— “УГОН ТЕЛЕЖЕК. АРЕСТ МЕСТНОГО ЖИТЕЛЯ”?
— Первый абзац, Бобби.
— “Когда вчера ближе к вечеру полиция явилась в его дом в Понд-Лейне, Джон Т. Андерсон из Харвича подробно рассказал им о своем увлечении — он коллекционирует тележки для супермаркетов. “Он очень интересно говорил на эту тему, — сказал полицейский Кэрби Моллой из харвичской полиции, — но мы не были окончательно убеждены, что все его тележки приобретены честным путем”. Оказалось, что Моллой попал в точку. Из пятидесяти с лишним тележек на заднем дворе мистера Андерсона по меньшей мере двадцать были украдены из харвичских “Любой бакалеи” и супермаркета. Обнаружено было даже несколько тележек из супермаркета в Стансбери”.
— Достаточно, — сказал Тед, ополаскивая бритву в горячей воде и поднося к намыленной шее. — Тяжеловесные провинциальные прохаживания по поводу мелкого маниакального воровства.
— Я не понимаю.
— Судя по всему, мистер Андерсон страдает неврозом — иными словами, душевным расстройством. По-твоему, душевные расстройства смешны?
— Да нет. Людей, у которых винтиков не хватает, мне жалко.

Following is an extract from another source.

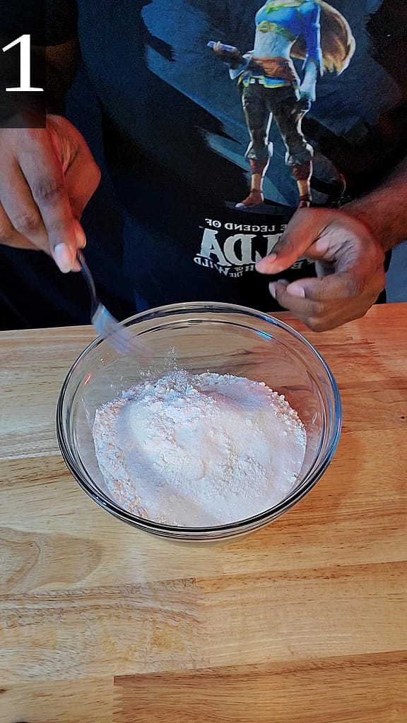 - Add wet mixture to dry mixture. Mix by hand. Do not over mix. We are not trying to develop gluten. Dough should still have streaks of flour.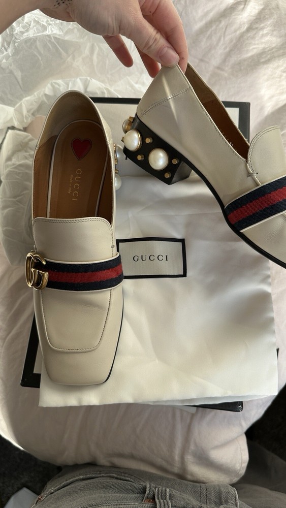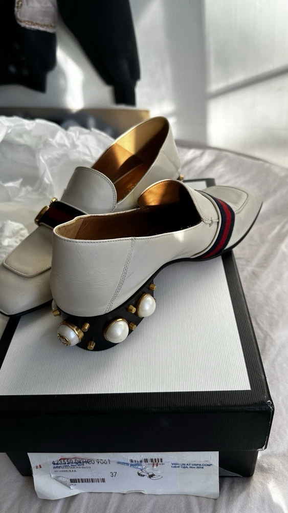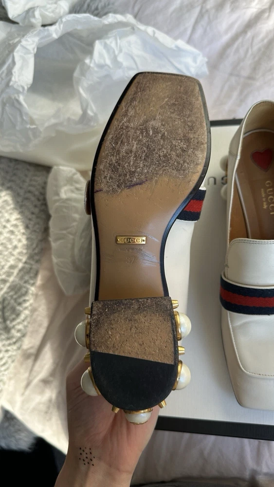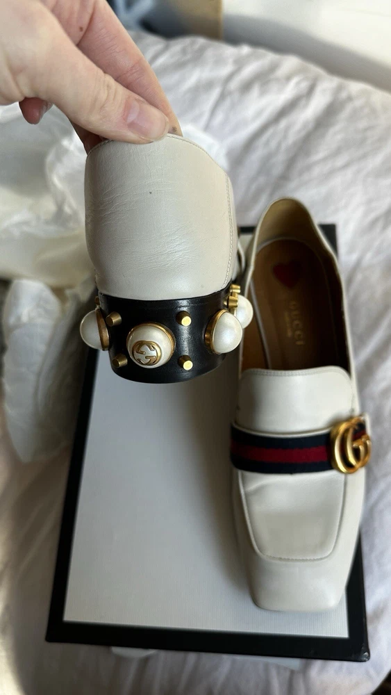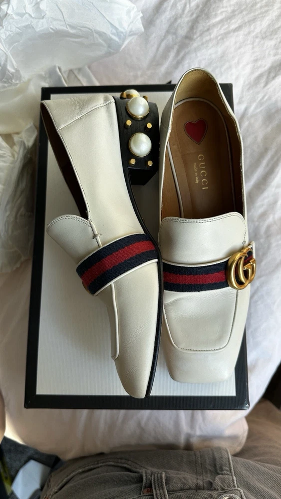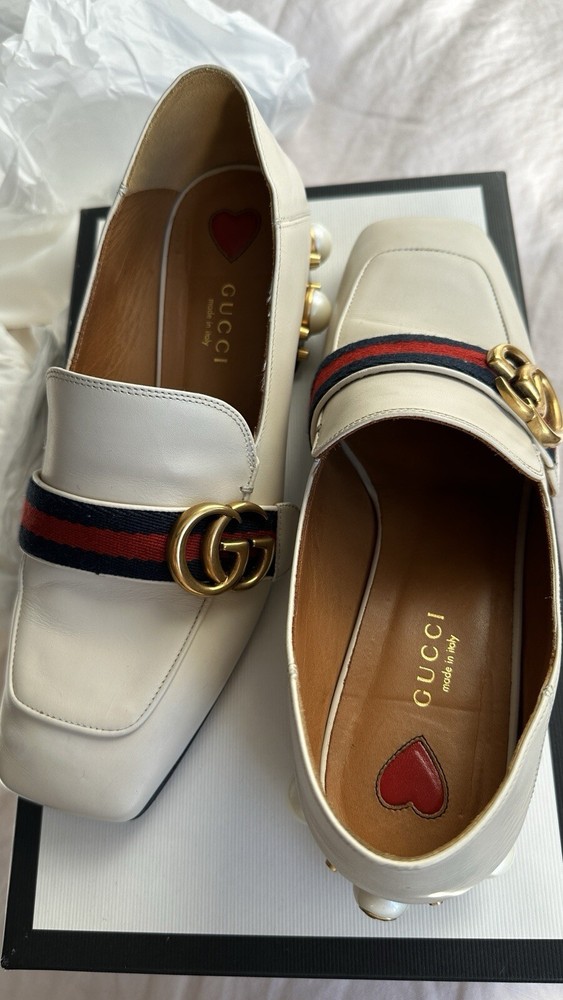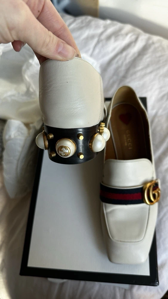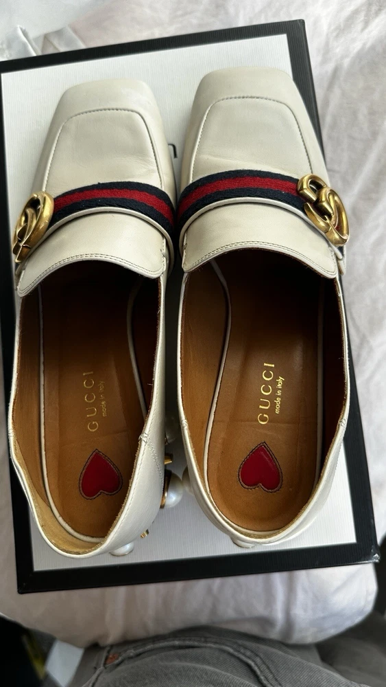 1. These stunning Gucci heels are a dream—gorgeous pearl embellishments, chic gold detailing, and the iconic GG embossed logo. The calfskin leather is soft with minor wear, but they still look luxurious. The strap adds a flirty touch, and they come with the original box and dust bag. A must-have for any fashion lover!

— Рад слышать. Я знавал людей, у которых винтиков вовсе не было. Очень много таких людей, если на то пошло. Они часто кажутся жалкими, иногда вызывают благоговение, иногда внушают ужас, но они не смешны. “УГОН ТЕЛЕЖЕК”! — надо же. А что еще там есть?
— “ВОСХОДЯЩАЯ КИНОЗВЕЗДА ПОГИБЛА В АВТОКАТАСТРОФЕ В ЕВРОПЕ”.
— Фу! Не надо.
— “ЯНКИ” ПРИОБРЕЛИ ИГРОКА У “СЕНАТОРОВ”?
— Что бы там “Янки” ни делали с “Сенаторами”, меня не интересует.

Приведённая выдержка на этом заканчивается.